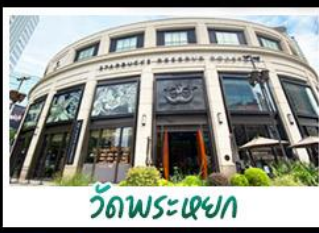
วัดพระหยก
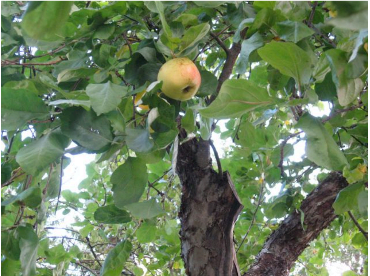
Stenvilla 10: Charlottenthal.
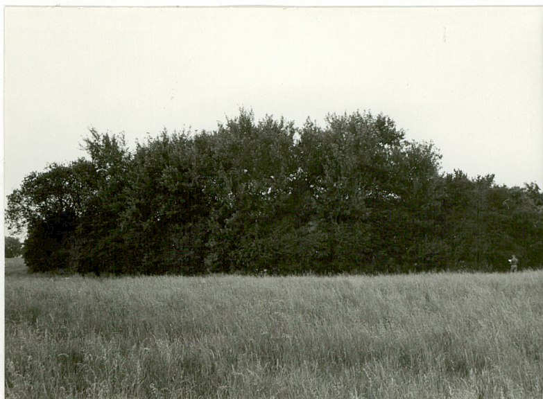
Fot. 1. Widok ogólny cmentarza.
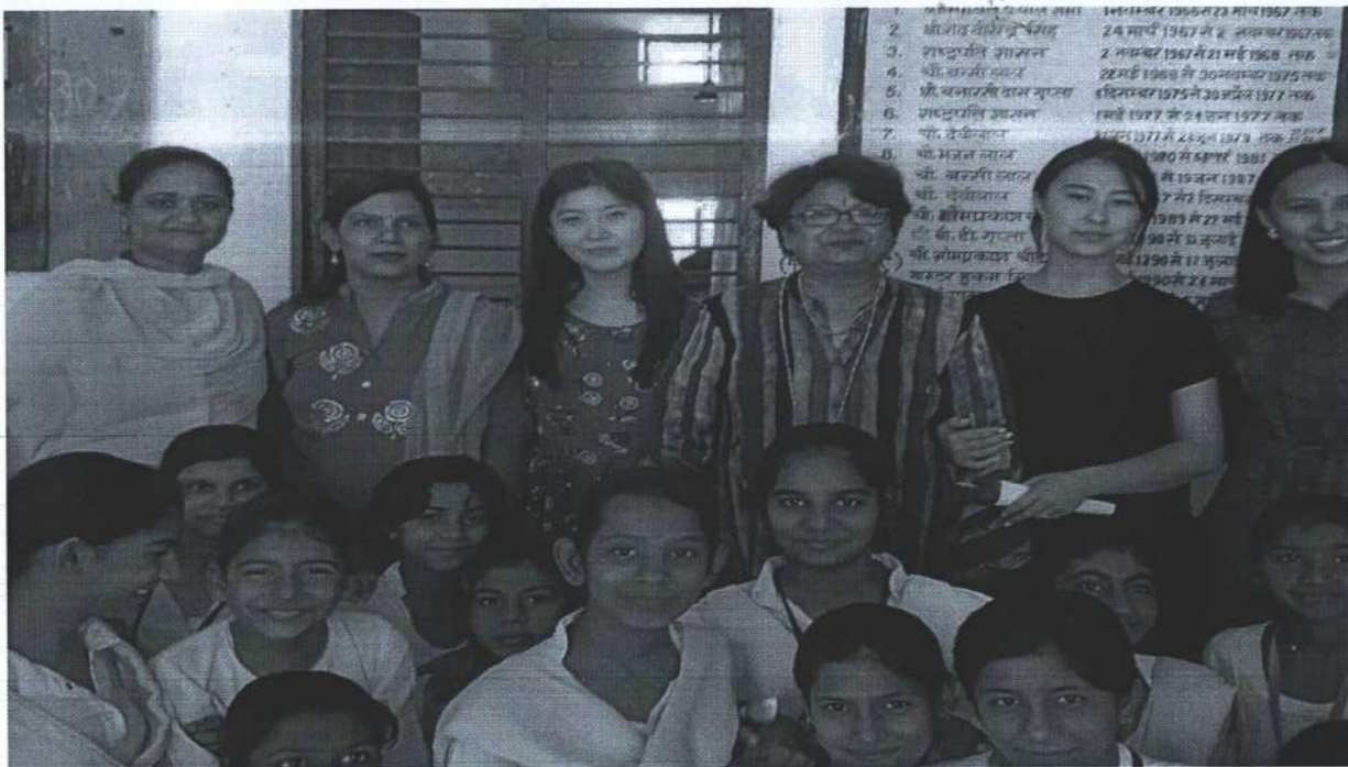
Академиялык мобилдүүлүк боюнча окутуучулар жана магистранттар Индия мамлекетинин Харианна штатында
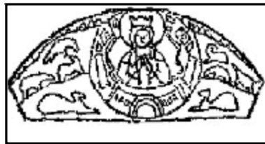
Прорисовка ч. Св. Анастасии в Пскове
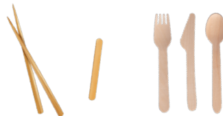
CHOPSTICKS, STIR STICKS, AND WOODEN UTENSILS PALILLOS MESCLADORES, PALILLOS Y UTENSILIOS DE MADERA
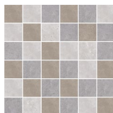
Mos. MIX 30x30 217397 M83
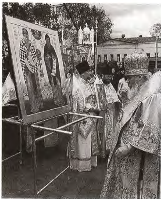
Святейший Патриарх Алексей у иконы славянских Первоучителей Кирилла и Мефодия на Славянской площади Москвы

Подмосковья. Более шестисот ребятшек посетили Троице-Сергиеву Лавру, Спасо-Бородинский и Новоиерусалимский, Саввино-Сторожевский и Новодевичий монастыри, побывали в обителях Коломны и Серпухова. Детская праздничная программа завершилась 1 июня торжественным обедом ее участников в Свято-Даниловом монастыре. В Государственной детской библиотеке Москвы открылась экспозиция книг «В начале было Слово...», посвященная истории развития славянской письменности и культуры.
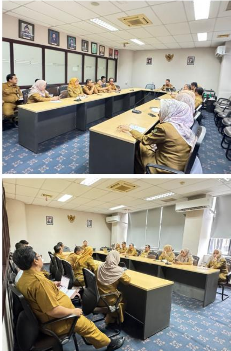
Gambar 3.25 Rapat Reviu Internal atas Implementasi SAKIP
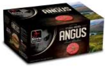
* SURGELE SH BOEUF ANGUS FACON BOUCH 20 % MG 20*150GRS Code: 405111
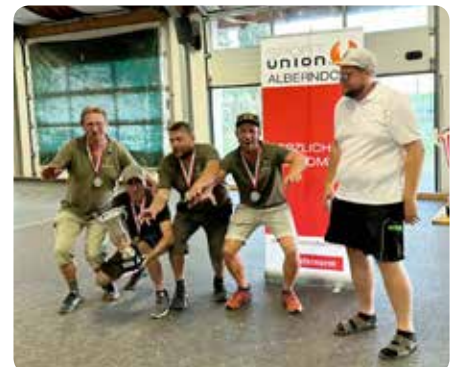
Sparverein Palermo errang den 3. Platz in der Ortsmeisterschaft
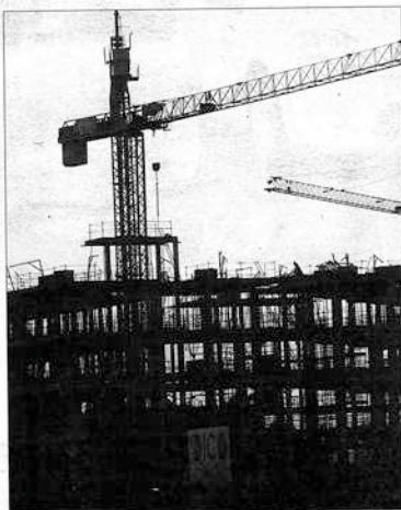
Las viviendas visadas cayeron especialmente en la segunda mitad del año.

En número, las viviendas visadas (que se pueden consultar en la página web del Colegio de Arquitectos de Ciudad Real: www.ccaarquitectos.com ) pasaron de las 12.414 de 2007 a las 6.544 del año pasado
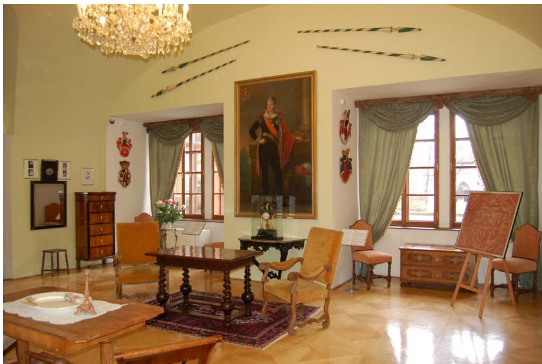
Obr. 8 Expozice Auerspergové ve vlašimském zámku
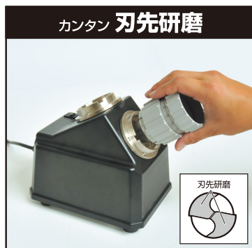
カンタン 刃先研磨
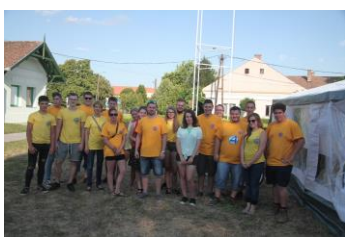
KIK – szervezők
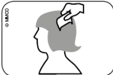
Resim: Islak saçın bit tarağı ile saç kökünden uçlarına kadar taranması
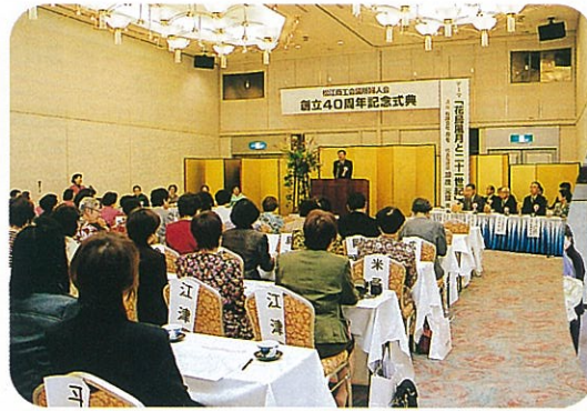
松江商工会議所女性会 創立40周年記念式典 於H一畑
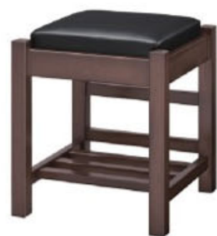
1152-1738 葛城 D 椅子 張地: 黒レザー (既製品)
= = = = = = =
WHAT YOU WILL DO: Of the lines above, copy only those from the one holding "20*150GRS Code: 405111" to the one holding "KIK – szervezők", both included, and exclude every image.

OUTPUT FOR THIS TASK:
* SURGELE SH BOEUF ANGUS FACON BOUCH 20 % MG 20*150GRS Code: 405111
Sparverein Palermo errang den 3. Platz in der Ortsmeisterschaft
Las viviendas visadas cayeron especialmente en la segunda mitad del año.

En número, las viviendas visadas (que se pueden consultar en la página web del Colegio de Arquitectos de Ciudad Real: www.ccaarquitectos.com ) pasaron de las 12.414 de 2007 a las 6.544 del año pasado
Obr. 8 Expozice Auerspergové ve vlašimském zámku
カンタン 刃先研磨
KIK – szervezők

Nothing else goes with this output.